This is shaping up splendidly. It's going to be extremely useful (and I can't wait to start to share it with my students and colleagues.

Here are some comments on the current draft:

1) I'd suggest separating the "Why and "who" and bolstering the "Why". For the "why" a painful anecdote or two might be helpful (sent wrong version of file using naming like "reallyfinalfixes04-05-07"; someone clobbered your shared Dropbox folders). I'd suggest that you consider moving the "Git has been repurposed" through the end of the "In my opinion, for new users" paragraph to this section. I also wonder if the "Many people who don't use Git" paragraph belongs earlier.

* See #4

2) Consider changing "Is this going to hurt?" from "Yes" to "Yes, at least somewhat".

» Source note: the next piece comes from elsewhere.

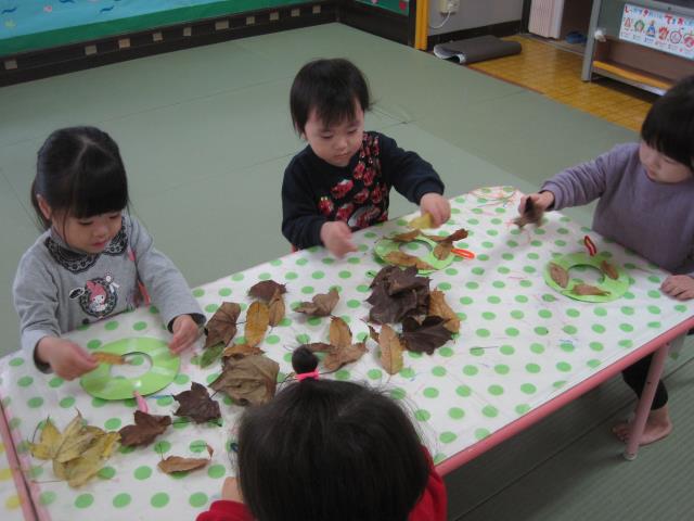 戸外遊びでは寒さを感じたりドングリ拾いや葉っぱの色が変わっていることに気づいたりし、秋の季節を感じながら楽しんでいます。また子どもたちが好きなブドウの製作を行なったりしました。

* I'm sticking with the blunt "Yes" because I think the shock value of this admission is probably constructive.

3) Move discussion of issues up to intro of Github section.

* See #5

4) Adding the example of a commit, diff, and tag would be extremely helpful.

* Yes, once I consider the prose "done-ish", I'm going to work on a couple of examples / diagrams. I'm linking to inspirational diagrams where I can now, to give a sense of what I want.

5) Consider relegating BigBucket and Gitlab to a section on "more advanced topics", appendix, or paragraph in the conclusion.

* Agreed, I've moved all but the first passing mention to a section on "extras"

6) Consider adding an example where you've added a pdf formatted output along with a Rmd (but this can generate a merge conflict if someone else re-renders it and commits the changes).

* See #6

7) Mentioning the "github_document !!! keep_md = TRUE !!! is a really good idea.

* I cover this now and have a note to show the yaml in the yet-to-be made example/diagram.

8) More discussion of the features (and serious limitations IMHO) of the RStudio IDE in terms of git. Specifically, mention of the need for students and instructors to work sometimes in the shell and sometimes using the IDE). This could be exiled.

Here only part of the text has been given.